World’s fastest spam filter (awesome replies)

April 13, 2008

Years ago, insulting someone on the other side of the globe was difficult, and best left to diplomats and comedians.  But no more.  Such is the power of the internet.

I feel bad that I was busy this week, and didn’t approve many of the comments from my last blog entry until this morning.  What’s important is that they’re all approved now.  These comments are especially awesome – when I write that I don’t understand a group of languages or read certain alphabets, I love it that I’m insulted in those same langauges/alphabets.  That’s quality – keep up the good work.

Almost as awesome as some that (apparently) thought my post was about only allowing English (or specifically the latin alphabet) for email/communication.  Nowhere near what I was saying, please reread.

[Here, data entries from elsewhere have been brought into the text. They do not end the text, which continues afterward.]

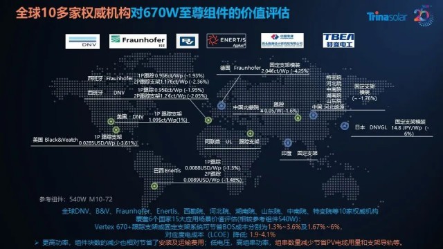 除此之外,DNV、拉美Enertis、北美Black&Veatch、西勘院等十余家國內(nèi)外權(quán)威機(jī)構(gòu)在全球范圍內(nèi)對(duì)600W+高功率組件進(jìn)行了廣泛的價(jià)值分析,覆蓋了15大應(yīng)用場景。
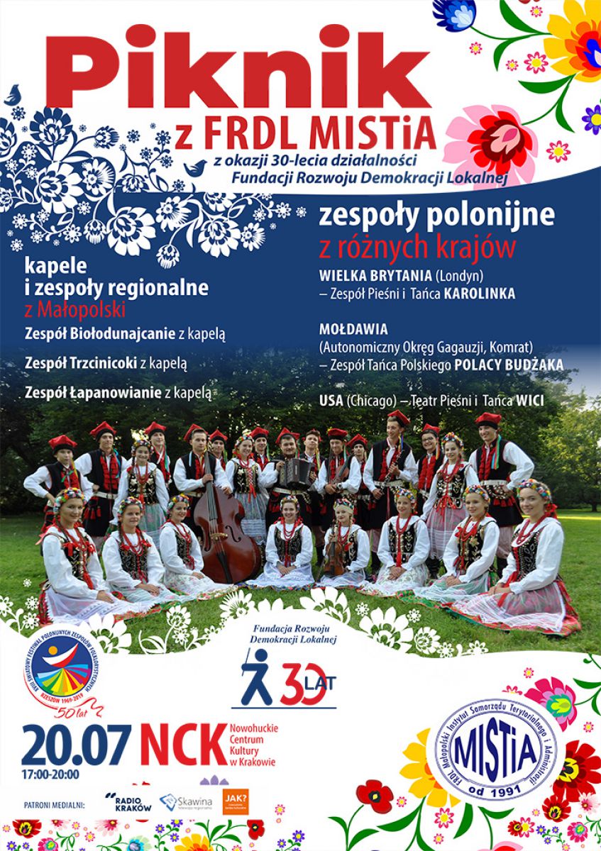20 lipca 2019, w Nowohuckim Centrum Kultury z okazji obchodów 30-lecia działalnoci Fundacji Rozwoju Demokracji odbędzie się plenerowy koncert jubileuszowy zespołów polonijnych
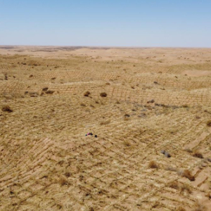 4月10日,群众在古浪县八步沙林场麻黄塘沙区用草方格压沙(无人机照片)。
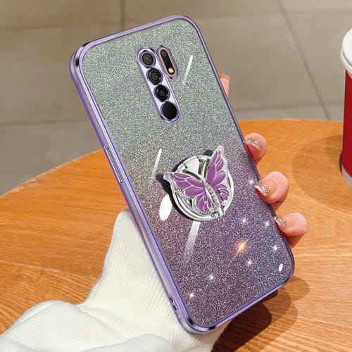 Para Redmi 9 Funda para Teléfono de TPU con Soporte de Mariposa con Brillo Degradado Plateado (Púrpura)
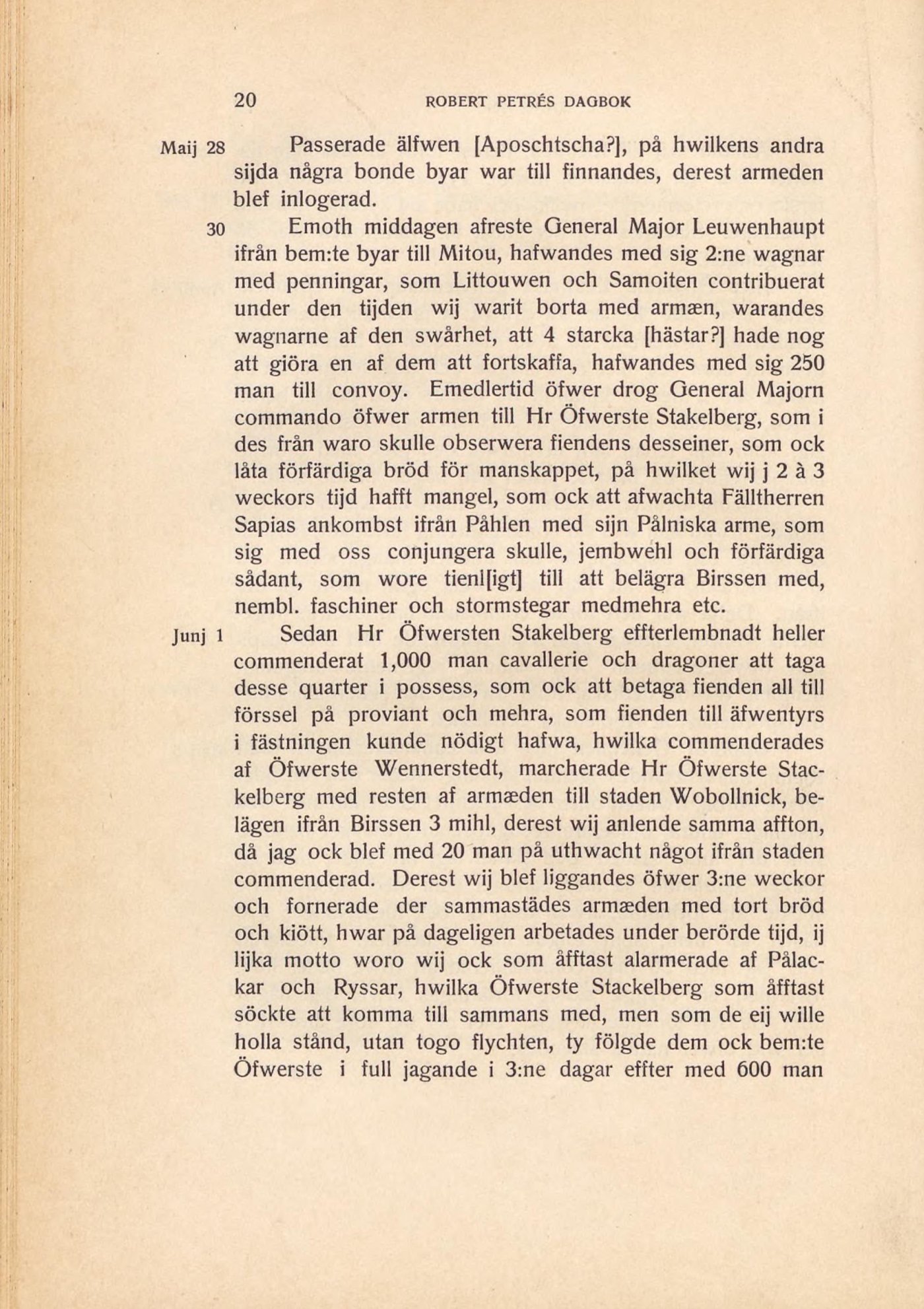 Full resolution (JPEG) - On this page / på denna sida - Fänrik Robert Petrés dagbok 1702-1709 - Robert Petrés dagbok under kriget ifrån år 1702 till slaget vid Pultava - Anno 1704
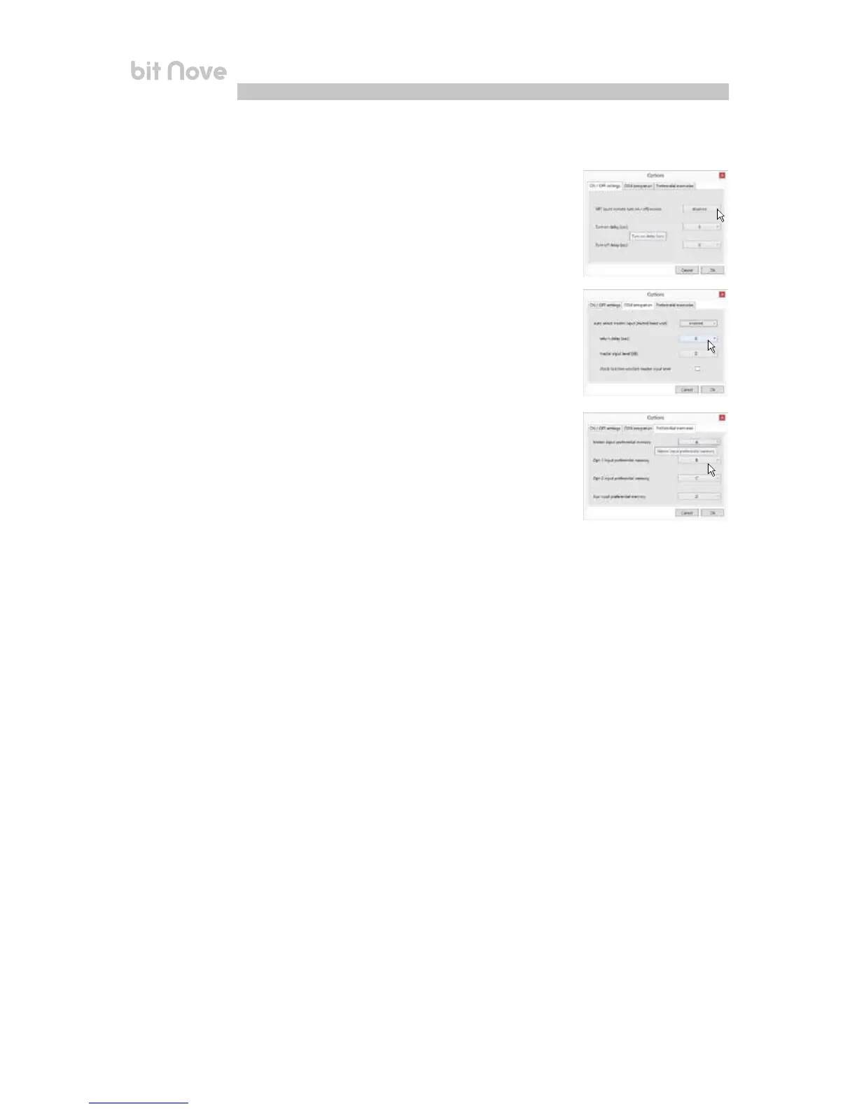 6. ON / OFF settings: function to set up the bit Nove turn on parameters.
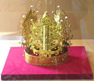 1917年藩南面新村里9号墳(上・下)から出土した5〜6世紀の金銅冠(レプリカ、本物はソウルの中央博物館)
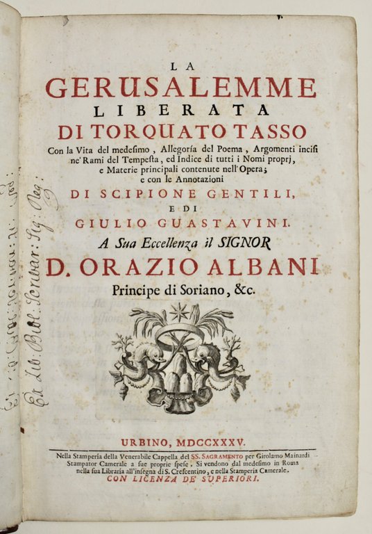 La Gerusalemme liberata di Torquato Tasso con la vita del medesimo, allegoria del poema, argomenti incisi ne' rami del Tempesta, ed Indice di tutti i nomi propri, e materie principali contenute nell'opera; e con le annotazioni di Scipione Gentili
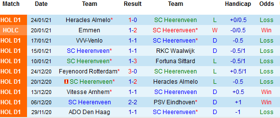 + Thống kê 10 trận gần nhất của Heerenveen
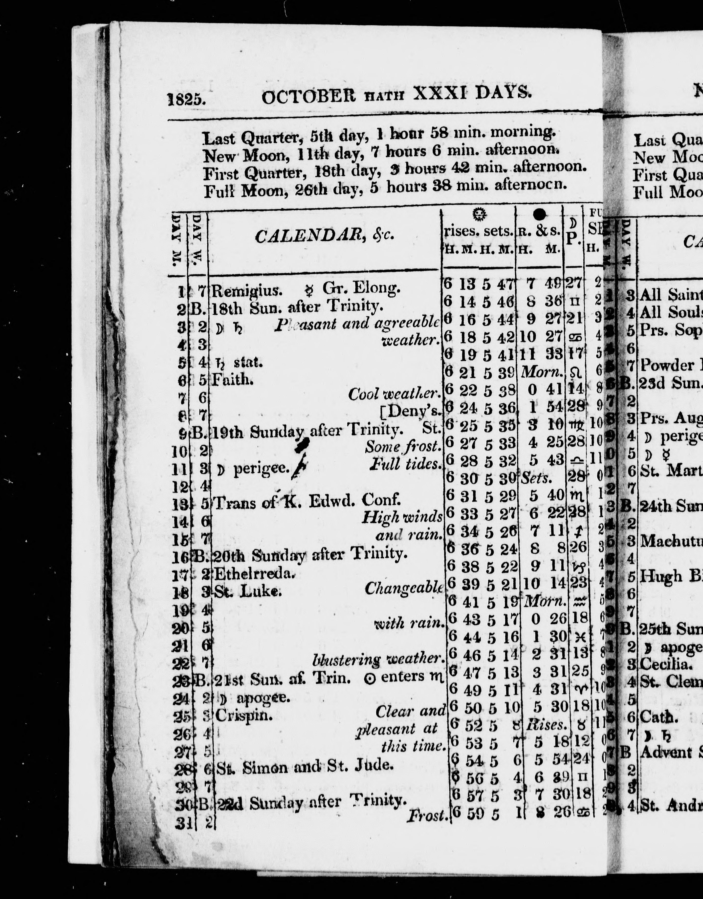- An Almanack, for the year of our Lord, 1825, being the first after bissextile or leap year, calculated for the meridian of Saint John, N.B. : 1825

Recap: If a user in $BIG_COMPANY_WEBMAIL set a language preference, and all outgoing emails are with a certain alphabet, and 100% of incoming emails in different alphabets are marked as spam, at some point an algorithm should take note.  This isn’t only important for the quality of the individual user experience, but for group filtering. Example:  If a user in Cairo doesn’t understand Hebrew, and gets a email with Hebrew characters, not only might a filter pick that up, but once flagged it only makes sense to check how many other users got the same email context, and reflag.  Hence my post title: For Wade, only checking for certain unicode characters would give a Bayesian probability of 100%.  That’s fast.  If anyone knows how to do this in gmail, let me know.  I’m certainly no email administrator, but it seems like that would be a simple and effective means to identify spam.

My only concern with the comments I received?  Either there was too much slang for babelfish.altavista or translate.google, or some people weren’t as creative with insults as I had hoped.  Could my comment forum be used to improve the quality of translation tools?  Let’s hope.  If you’re especially proud of an insult in my blog but are afraid your creativity will be lost, make sure to let Google know.  In the meantime, I’ll look for more imaginative insults in languages I don’t understand, and I’ll continue to look for Unicode/UTF filtering options for gmail.